Almost everyone has had some experience with the practice of purchasing insurance, in one way or another. It may be that you were purchasing a home and the mortgage lender required Homeowners Insurance as a requirement of the loan. It may have been required when you purchased a car. Insurance is a device that allows for the transfer of all or part of a risk from one party to the insurance company. Each person pays a small, certain cost, the PREMIUM, to the insurance company, the INSURER. The INSURER, in turn, draws up a legal contract, the POLICY, between you, the INSURED and them, the INSURER.
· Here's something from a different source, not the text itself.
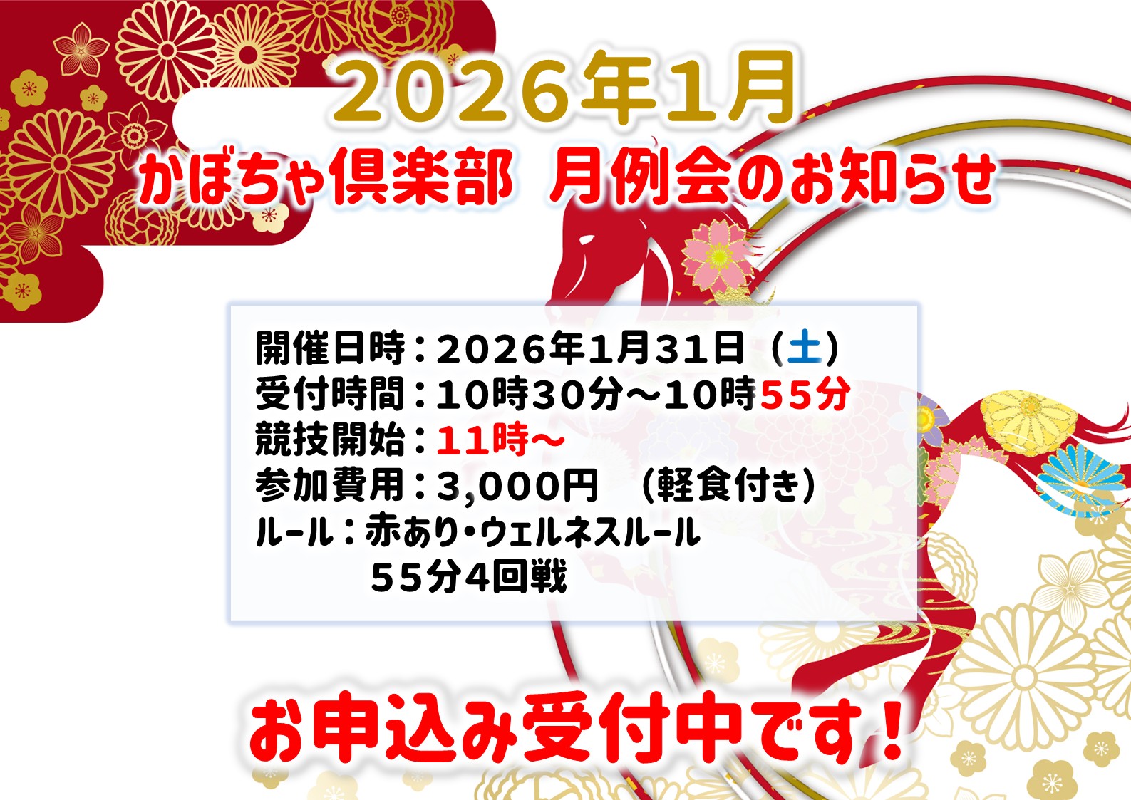 かぼちゃ倶楽部東京都 カボチャクラブ 東京都 両国駅 駅から徒歩1分 セット、健康麻雀、麻雀教室、ノーレート 電話する03-5608-5066 地図 店舗トップ ルール 写真/動画 イベント 求人 クーポン プロ イチオシ ランキング クチコミ イベント詳細 スポットライトイベント イベント かぼちゃ倶楽部1月度月例会開催! 固定イベント 1/31(土)10時30分受付開始、11時スタート。 参加費3,000円軽食付き。ウェルネスマージャンルール、半荘4回戦。 初心者の方や、まだ来店されたことのない方の参加も大歓迎です! さらに読み込む... 次の6件〜1件/全1件の検索 お店のコトを友達に教える Facebook X(旧Twitter) Line Mail お店を評価する 閉店・休業・移転・情報違い報告 クチコミ投稿 報告内容詳細※必須 閉店 休業 移転 情報違い 送信する

Any legal contract, and in this case an insurance contract, needs to have certain parts to it to make it a valid contract. These "parts" are competent parties, a legal purpose, an offer and acceptance and consideration.
By definition, RISK is the chance or uncertainty of loss. For a RISK to be insurable it has to be measurable. PURE RISK is measurable. SPECULATIVE RISK is not. SPECULATIVE RISK. An example of SPECULATIVE RISK is investing in the stock market.
Life Insurance, specifically, is a contract that transfers risk of financial loss associated with premature death from the insured to the insurer. The need to cover the obligations that might be left behind upon death is the reason we need to be sure we are covered by a life insurance policy. The policy proceeds are paid by the insurance company to the beneficiary of the policy.